01-18-07 Update
I've managed to get into a recording studio class this semester. Yayy!!! Don't be disheartened if it takes a bit for me to respond.
--------------------------------------
Be a little brave and say hi. I got bored with my own profile, so it feels like it's time for a change. No, the snake is not mine. That's from the Chicago Reptile Show.
Likes: Here
Dislikes: There
Aspirations: Goddess
The person I'd like to meet: Can't decide, so someone with a multi-personality disorder should be about right. Then I can have everything I want in one person. :-) Seven personalities should be about right so then I can have sex with a different guy each day of the week and still claim monogamy.
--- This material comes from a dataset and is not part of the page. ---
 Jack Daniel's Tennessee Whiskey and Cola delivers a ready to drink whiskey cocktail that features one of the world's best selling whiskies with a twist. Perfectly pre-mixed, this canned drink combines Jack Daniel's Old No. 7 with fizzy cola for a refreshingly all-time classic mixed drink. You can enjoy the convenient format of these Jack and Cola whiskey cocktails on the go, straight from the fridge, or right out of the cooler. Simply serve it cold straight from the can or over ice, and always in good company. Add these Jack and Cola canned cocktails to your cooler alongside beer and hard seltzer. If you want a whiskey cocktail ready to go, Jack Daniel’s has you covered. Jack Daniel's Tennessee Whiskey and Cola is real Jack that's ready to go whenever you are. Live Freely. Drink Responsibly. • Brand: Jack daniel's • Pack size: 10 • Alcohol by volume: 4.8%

Yes, I know I have my listed for just friends. I am pretty happy and cool with snifty friends, though I am open to the option of more for the right person.
Programming makes more sense to me than instant pudding. I can get a little obsessive about motorcycles and music. Yes, I currently smoke, I'm wanting to quit (had been off for 2 years), but can't say when it will happen again.
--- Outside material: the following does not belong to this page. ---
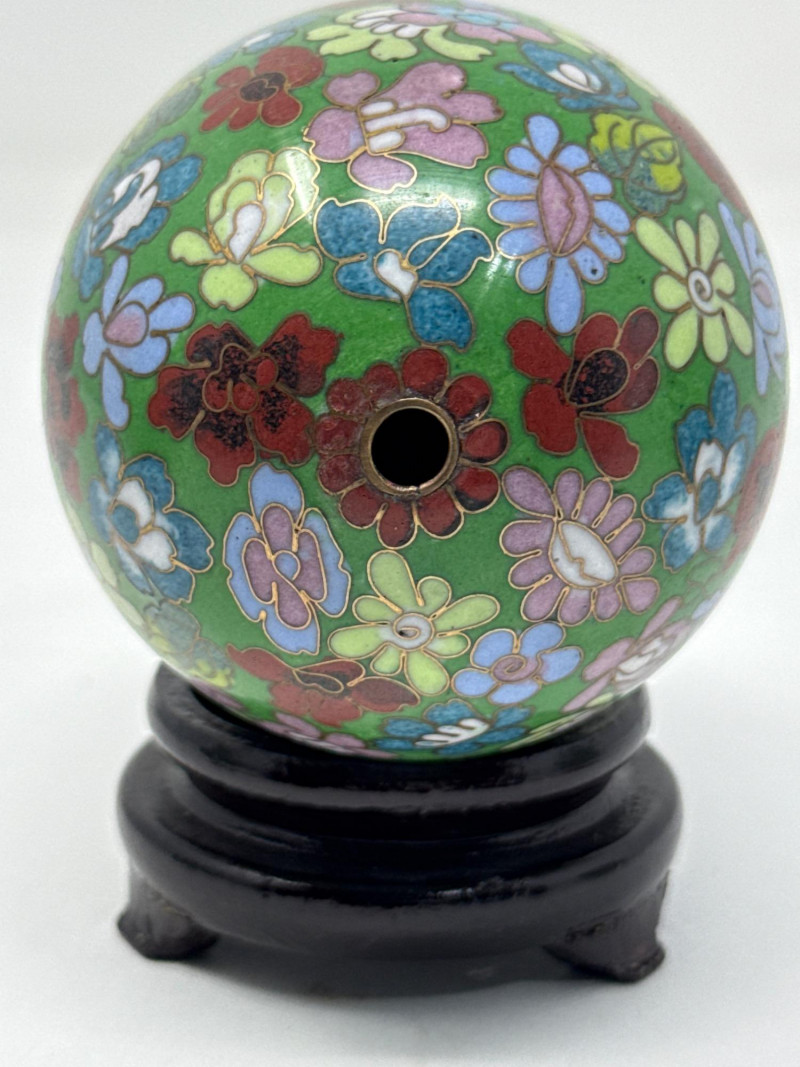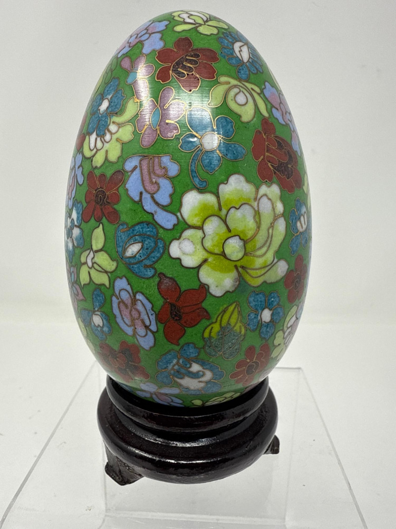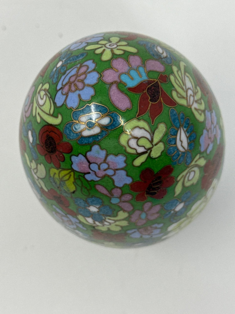 A decorative grouping featuring two Chinese Famille Rose porcelain ginger jars paired with a cloisonné enamel egg. The jars are hand-painted in the traditional Famille Rose palette, with floral sprays, auspicious motifs, and gilt accents rendered in fine brushwork. Each jar is globular with a domed lid, likely mid-20th century, and reflects the refined aesthetic associated with Jingdezhen porcelain. The accompanying cloisonné egg offers sculptural contrast, showcasing vibrant enamel over brass with intricate wire inlay, echoing the floral themes of the jars. Dimensions (Jars): Approx. 6 in. tall × 5 in. wide Dimensions (Egg): Approx. 4.5 in. tall × 4.5 in. wide Medium: Porcelain with enamel decoration (jars); brass with cloisonné enamel (egg) Origin: China, mid-20th century A cohesive trio ideal for collectors of Chinese decorative arts or vintage enamelware. Lucite display stands not included. Please refer to photos for detail.

The test for who I'd date:
1. Blank stare at one of my jokes --- you'd get one date at least because you're cute.
2. Regular laugh --- two dates because you probably didn't get it anyway and are faking it, and I'll figure that out by the second date.
3. Spurt beer two feet out of your nose, just narrowly missing me --- You'd get a few more dates, or a regular beer drinking buddy, because making people's beer go up their nose amuses me.
4. Just barely manage to hold the beer in, face turning red, tears running down face...hold it....hold it...........ok, swallow. Take a deap breath....come back with a smart assed remark....you successfully get the same reaction out of me ---- Ok, lets get married and make strange children with 12 toes and 11 fingers. (No, you're not required to drink beer.)
I’ve come to the conclusion that dating sucks big, fat, hairy moose**** (Got a visual yet?) Am I going to quit?…ermmm, probably not. I’m sure hoping that doesn’t relate me in any way to moose**** (shudder) My dad is probably rolling over in his grave right now. I grew up in a town named****yville (often referred to as****lessville by neighboring towns) and went to a Catholic grade school whose mascot is the Trojans....ok, now, what is wrong with that picture? So, I blame it all on my dad for placing me in that environment.
Ok, time to hit an all new low. I just realized I have the words**** swallow, sex, and some bondage going on in the date. Geez, this so isn't me, and I even managed to write this one all by myself. I'm really just harmless and razz the world to no end.
Blessed are the cracked, for it is they who let in the light.
-------------------
Ok this is funny. Finished my profile and everywhere the letters d...i...c...k appeared were deleted out, even in the name of the town I'm from. Ummmm, I wonder if my profile will be forced off?
Be a little brave and say hi.------------------------------------
11-05-06 update
Give me a guy who talks to jello, pees on squirrels, compulsively masturbates in the tampon isle at the store, obsesses about the length of his armpit hair, and thinks about beaming hamsters into the middle of walls with a thermonuclear particle transducer any day!!!!!!!!!!!!!!! :-)
First, you must meet the lizard. If he ignores you, then you're safe. If he nods, then I know you'll be exciting. If he tries to kill you, I'll know you're not the one. Assuming you're still alive, then I'll strap you, kicking and screaming, to the back of my bike with bungee cords. We'll ride straight to the courthouse and get divorced, so that's not a thing that would have to be worried about in the future. I'll just drive the motorcycle right in so that you can't run away....I'm just that kind of a devoted kind of gal. :-p After that, we'll have to hit a drive through for dinner. If your face shield is closed just right, the burger should stay balanced so you can nibble as we ride. Then it's off to Texas to start an iguana farm and live happily ever after. The only way to get out of this is to laugh uproariously at my jokes....otherwise, it's bungee cords for you, buddy.